══ Given records
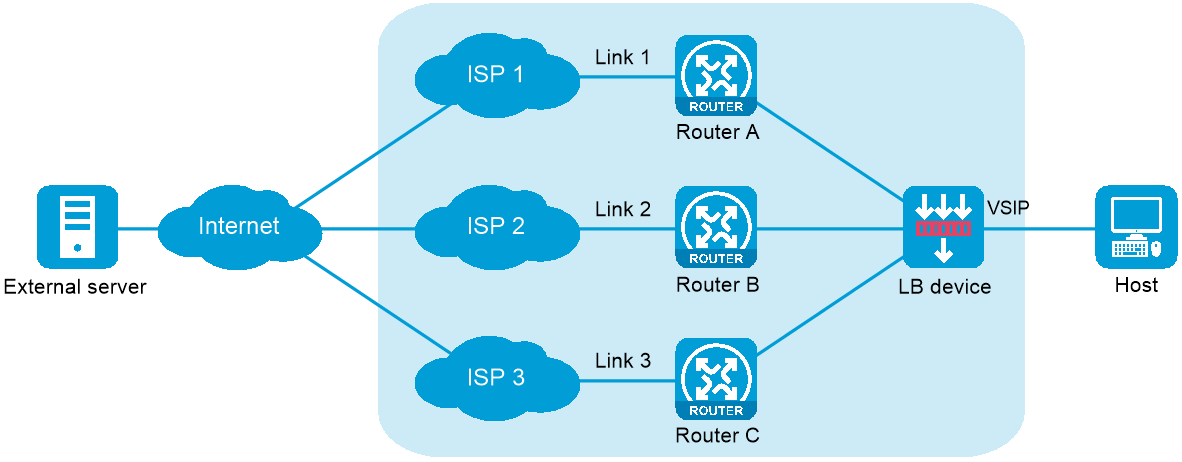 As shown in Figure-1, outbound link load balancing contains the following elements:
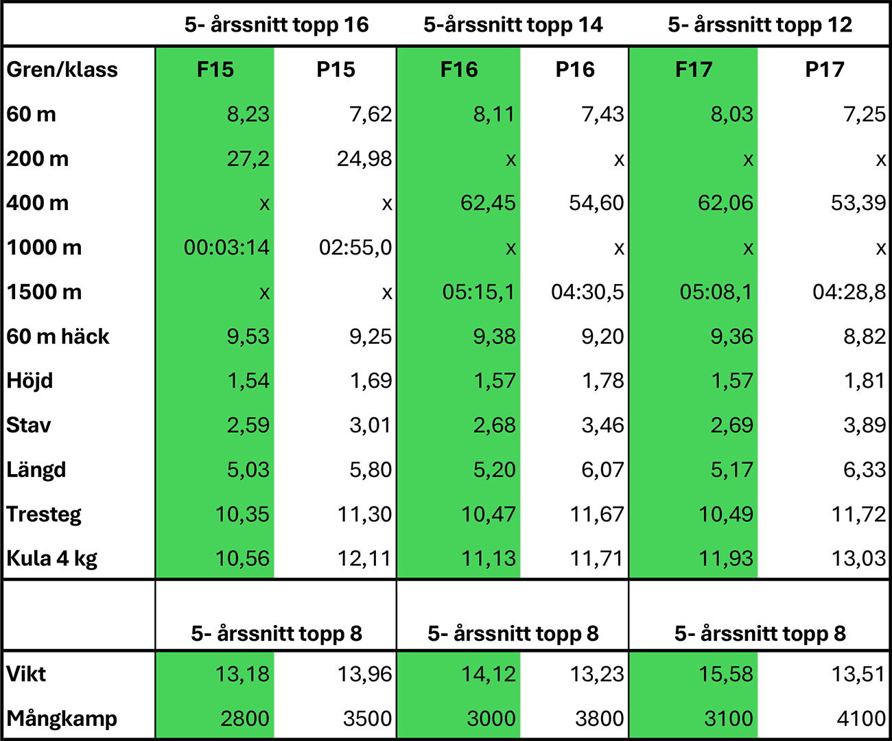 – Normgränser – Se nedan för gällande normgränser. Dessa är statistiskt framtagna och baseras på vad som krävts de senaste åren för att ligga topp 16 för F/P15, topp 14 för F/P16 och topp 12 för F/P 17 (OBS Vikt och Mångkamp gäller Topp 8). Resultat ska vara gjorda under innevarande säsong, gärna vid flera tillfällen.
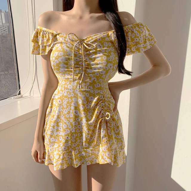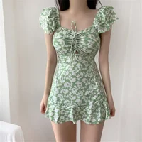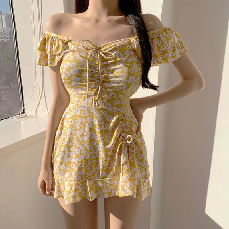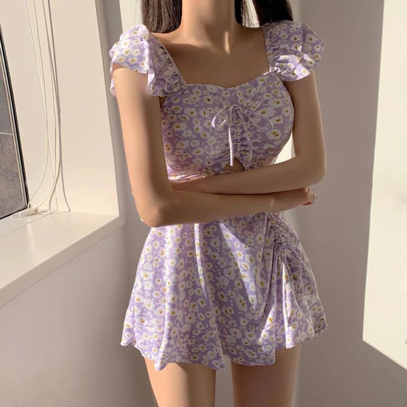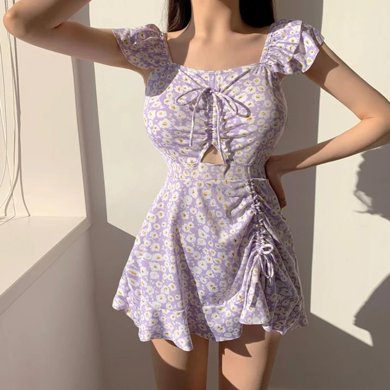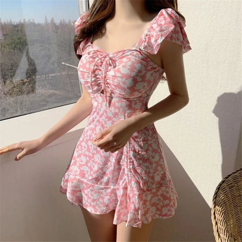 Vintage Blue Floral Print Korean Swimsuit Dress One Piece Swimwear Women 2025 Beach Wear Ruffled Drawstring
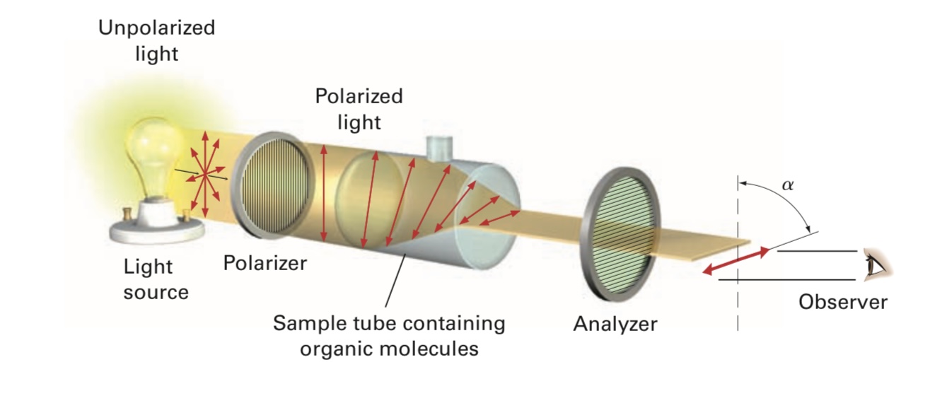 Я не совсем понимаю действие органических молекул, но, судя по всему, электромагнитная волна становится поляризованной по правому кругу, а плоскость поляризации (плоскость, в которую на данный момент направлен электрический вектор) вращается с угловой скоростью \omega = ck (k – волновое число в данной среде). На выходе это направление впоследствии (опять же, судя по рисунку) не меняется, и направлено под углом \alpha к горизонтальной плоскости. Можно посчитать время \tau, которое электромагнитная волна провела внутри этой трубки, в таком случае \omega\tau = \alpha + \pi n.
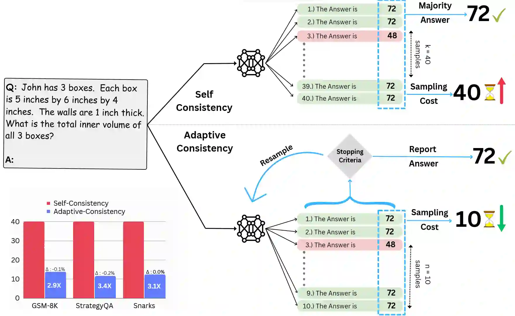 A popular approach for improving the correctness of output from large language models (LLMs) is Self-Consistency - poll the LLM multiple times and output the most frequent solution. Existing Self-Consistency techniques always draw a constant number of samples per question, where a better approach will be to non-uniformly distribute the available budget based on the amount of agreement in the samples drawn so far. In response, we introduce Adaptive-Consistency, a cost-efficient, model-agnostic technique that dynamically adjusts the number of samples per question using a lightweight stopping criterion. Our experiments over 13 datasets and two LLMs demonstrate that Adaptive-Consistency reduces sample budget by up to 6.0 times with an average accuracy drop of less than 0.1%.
════
══ Given records
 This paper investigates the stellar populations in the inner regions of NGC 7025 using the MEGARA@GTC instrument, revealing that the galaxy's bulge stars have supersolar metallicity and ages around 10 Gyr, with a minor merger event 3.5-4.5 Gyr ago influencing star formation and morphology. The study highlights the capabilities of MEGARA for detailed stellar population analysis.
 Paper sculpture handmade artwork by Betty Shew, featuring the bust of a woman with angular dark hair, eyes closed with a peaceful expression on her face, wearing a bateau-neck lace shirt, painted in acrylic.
════
══ Given records
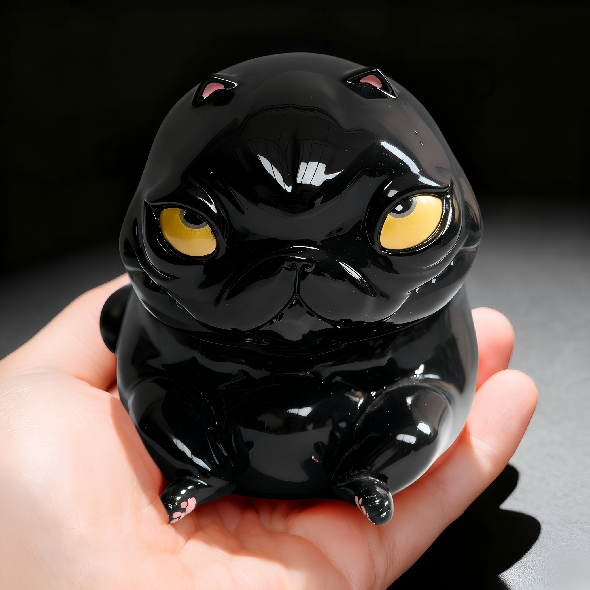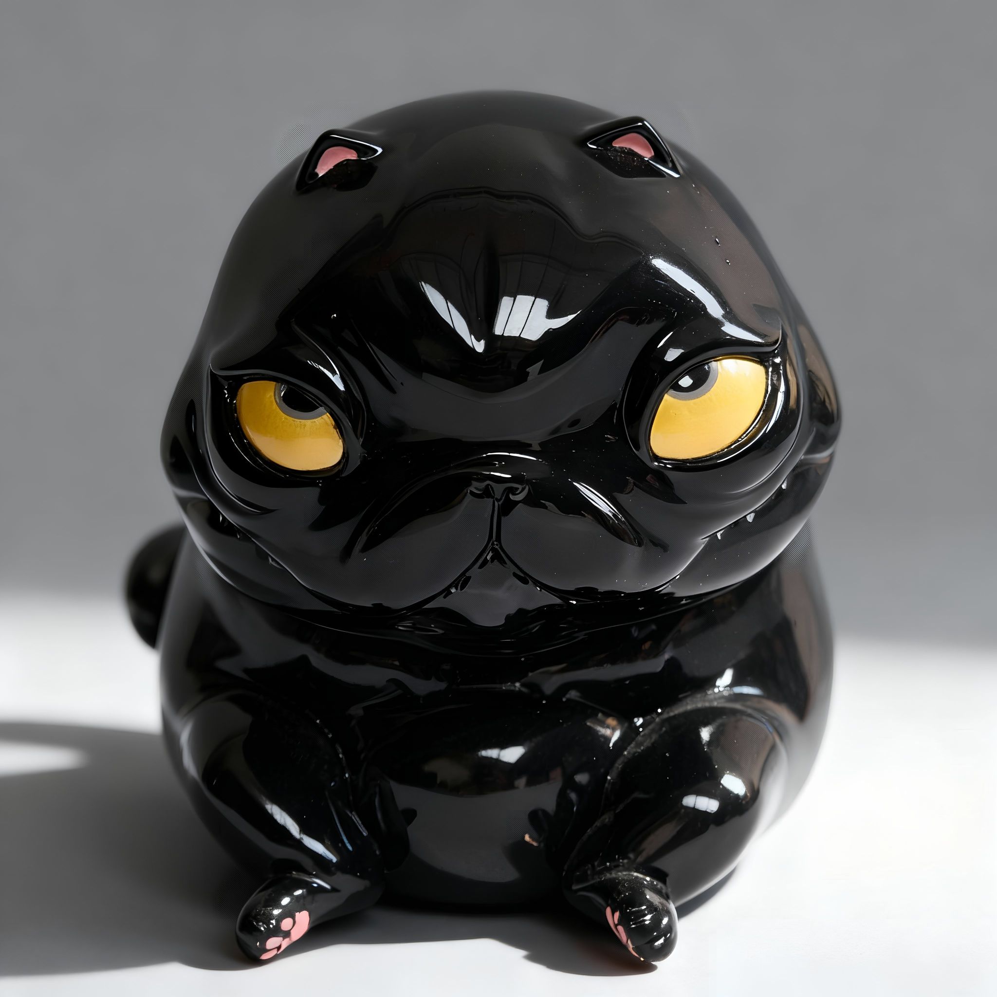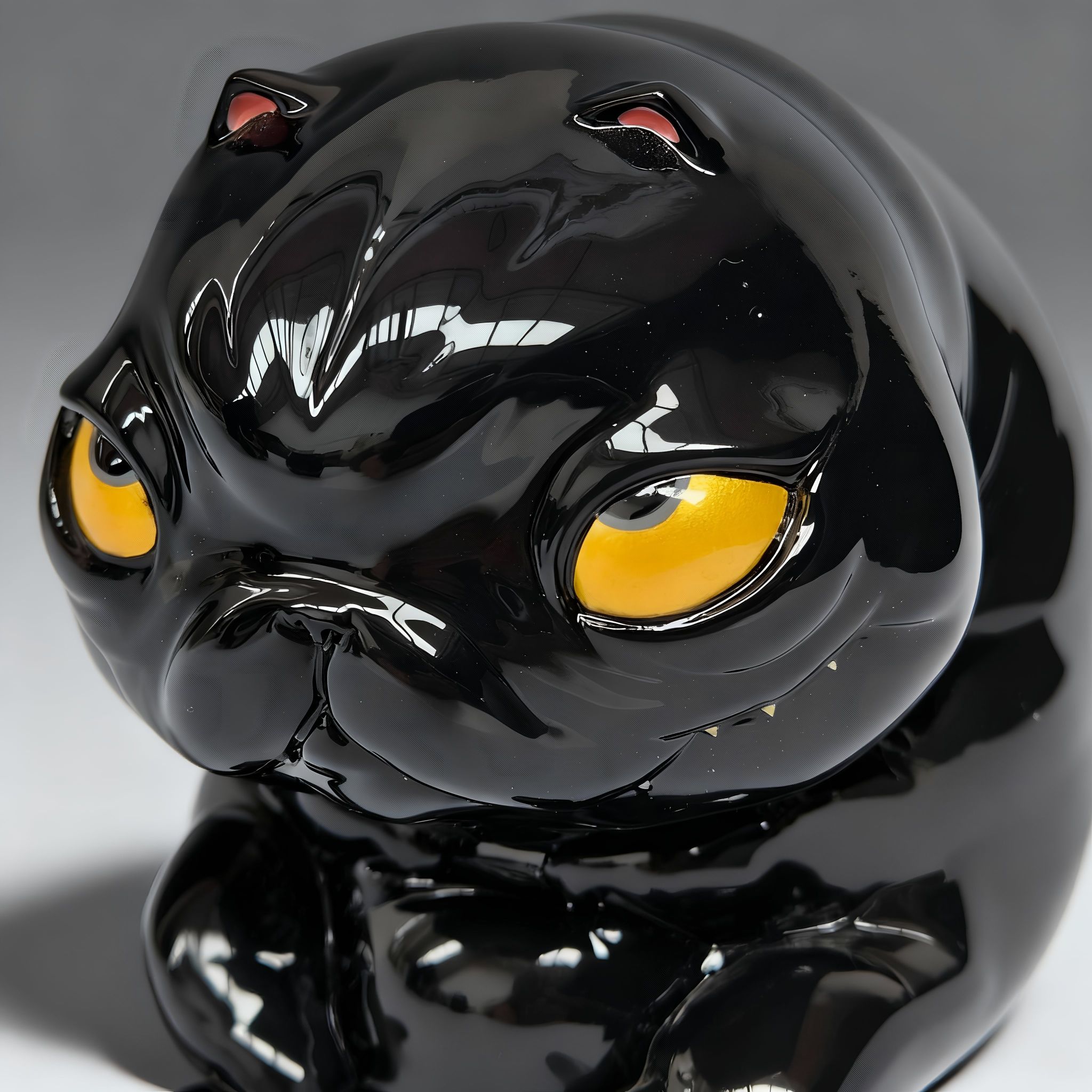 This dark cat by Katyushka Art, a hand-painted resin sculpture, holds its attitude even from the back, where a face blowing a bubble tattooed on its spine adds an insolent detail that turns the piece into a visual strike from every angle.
════
Description of the task:
Leaving out each picture, repeat exactly the lines above from the one that contains "As shown in" through the one that contains "Vintage Blue Floral".

Result:
 As shown in Figure-1, outbound link load balancing contains the following elements:
 – Normgränser – Se nedan för gällande normgränser. Dessa är statistiskt framtagna och baseras på vad som krävts de senaste åren för att ligga topp 16 för F/P15, topp 14 för F/P16 och topp 12 för F/P 17 (OBS Vikt och Mångkamp gäller Topp 8). Resultat ska vara gjorda under innevarande säsong, gärna vid flera tillfällen.
 Vintage Blue Floral Print Korean Swimsuit Dress One Piece Swimwear Women 2025 Beach Wear Ruffled Drawstring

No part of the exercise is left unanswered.